The exponential and linear increase of congestion window is not without end. When the TCP network detects that IP network causes loss of the segment and sender does not receive an acknowledgement from receiver within the time out period, then sender retransmits the packet. Now the congestion threshold is first set to one-half of the minimum of the congestion window and the advertised windows. The algorithm now restarts using slow start technique. TCP detects congestion if an acknowledgement is not received before the expiration of the timeout period. Congestion is also detected on receiving a duplicate ACK. In this case congestion threshold is decreased to one–half the window size.

12 Time-out Time-out

Slow Start Congestion

10 Phase Avoidance

6 Slow Start Slow Start

0 5 10 15 20 25

Figure 2.5: TCP Slow Start Congestion Window Size Behavior [1]
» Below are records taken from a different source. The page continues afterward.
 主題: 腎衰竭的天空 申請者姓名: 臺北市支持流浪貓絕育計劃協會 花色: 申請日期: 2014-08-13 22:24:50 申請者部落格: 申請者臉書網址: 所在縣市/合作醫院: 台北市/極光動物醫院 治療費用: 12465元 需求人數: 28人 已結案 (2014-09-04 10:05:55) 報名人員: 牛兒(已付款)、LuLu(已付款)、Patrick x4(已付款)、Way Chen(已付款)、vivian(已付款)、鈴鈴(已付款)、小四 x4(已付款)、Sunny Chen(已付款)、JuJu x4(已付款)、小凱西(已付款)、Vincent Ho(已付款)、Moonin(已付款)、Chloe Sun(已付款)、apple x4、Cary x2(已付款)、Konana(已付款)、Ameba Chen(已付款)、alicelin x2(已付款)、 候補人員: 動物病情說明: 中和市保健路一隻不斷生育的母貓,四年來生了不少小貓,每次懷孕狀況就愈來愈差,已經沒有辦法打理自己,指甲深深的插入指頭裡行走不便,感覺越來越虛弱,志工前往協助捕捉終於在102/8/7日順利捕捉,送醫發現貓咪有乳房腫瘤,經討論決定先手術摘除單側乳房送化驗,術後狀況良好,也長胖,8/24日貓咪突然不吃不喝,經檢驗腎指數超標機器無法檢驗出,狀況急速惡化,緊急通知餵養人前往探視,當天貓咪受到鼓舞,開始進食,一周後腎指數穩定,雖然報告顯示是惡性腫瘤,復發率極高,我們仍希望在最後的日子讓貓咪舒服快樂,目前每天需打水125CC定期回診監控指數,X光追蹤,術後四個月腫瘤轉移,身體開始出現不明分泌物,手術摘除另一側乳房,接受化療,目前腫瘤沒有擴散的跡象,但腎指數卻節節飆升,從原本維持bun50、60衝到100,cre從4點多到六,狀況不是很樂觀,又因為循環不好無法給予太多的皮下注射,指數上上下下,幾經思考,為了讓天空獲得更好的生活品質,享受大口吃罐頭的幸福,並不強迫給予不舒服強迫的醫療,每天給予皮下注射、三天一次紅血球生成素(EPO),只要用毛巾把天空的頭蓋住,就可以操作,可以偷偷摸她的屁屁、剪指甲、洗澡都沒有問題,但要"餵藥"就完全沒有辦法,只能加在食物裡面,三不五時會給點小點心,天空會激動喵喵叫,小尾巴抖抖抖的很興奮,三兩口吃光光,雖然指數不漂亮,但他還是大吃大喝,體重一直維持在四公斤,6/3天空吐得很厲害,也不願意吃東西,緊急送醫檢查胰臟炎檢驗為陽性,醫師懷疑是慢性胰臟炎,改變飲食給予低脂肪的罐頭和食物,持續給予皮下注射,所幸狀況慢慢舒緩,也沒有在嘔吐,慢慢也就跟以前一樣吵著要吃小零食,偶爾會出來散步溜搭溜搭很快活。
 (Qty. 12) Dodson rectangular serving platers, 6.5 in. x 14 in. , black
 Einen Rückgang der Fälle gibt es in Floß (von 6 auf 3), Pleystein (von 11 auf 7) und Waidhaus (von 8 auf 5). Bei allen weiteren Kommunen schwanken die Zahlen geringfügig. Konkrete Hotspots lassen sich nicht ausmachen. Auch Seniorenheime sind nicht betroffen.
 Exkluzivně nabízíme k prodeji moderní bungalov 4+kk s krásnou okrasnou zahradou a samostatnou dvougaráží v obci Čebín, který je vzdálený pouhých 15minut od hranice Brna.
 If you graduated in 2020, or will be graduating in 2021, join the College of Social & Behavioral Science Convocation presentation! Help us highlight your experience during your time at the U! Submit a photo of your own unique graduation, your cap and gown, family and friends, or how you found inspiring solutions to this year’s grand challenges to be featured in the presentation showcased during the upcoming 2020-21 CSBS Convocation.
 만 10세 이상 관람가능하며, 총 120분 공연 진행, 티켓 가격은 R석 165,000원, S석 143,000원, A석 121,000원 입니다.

Figure 2.5 shows the congestion window size as the time progresses. In the first phase, the slow start increases the congestion window size exponentially until it reaches the about one-half the threshold value set at 10 i.e. about 7. Then under the second phase the window increases linearly until the time-out occurs at about 11 seconds, indicating that network is congested. Now the threshold is set to 10 and the window size is set to 1 segment [1,4,14].

2.5.2 Fast Retransmit:

As we will see in Section 4.1 in actual practice implementation of these congestion control algorithms results in the TCP timeouts leading to long periods of time during which the connection goes dead waiting for a timer to expire. Because of this, a new mechanism, called fast retransmit, was added to TCP. Fast retransmit uses a heuristic approach that sometimes triggers the retransmission of a dropped packet sooner than the regular timeout mechanism. The fast retransmit mechanism does not replace regular timeouts but enhances that facility.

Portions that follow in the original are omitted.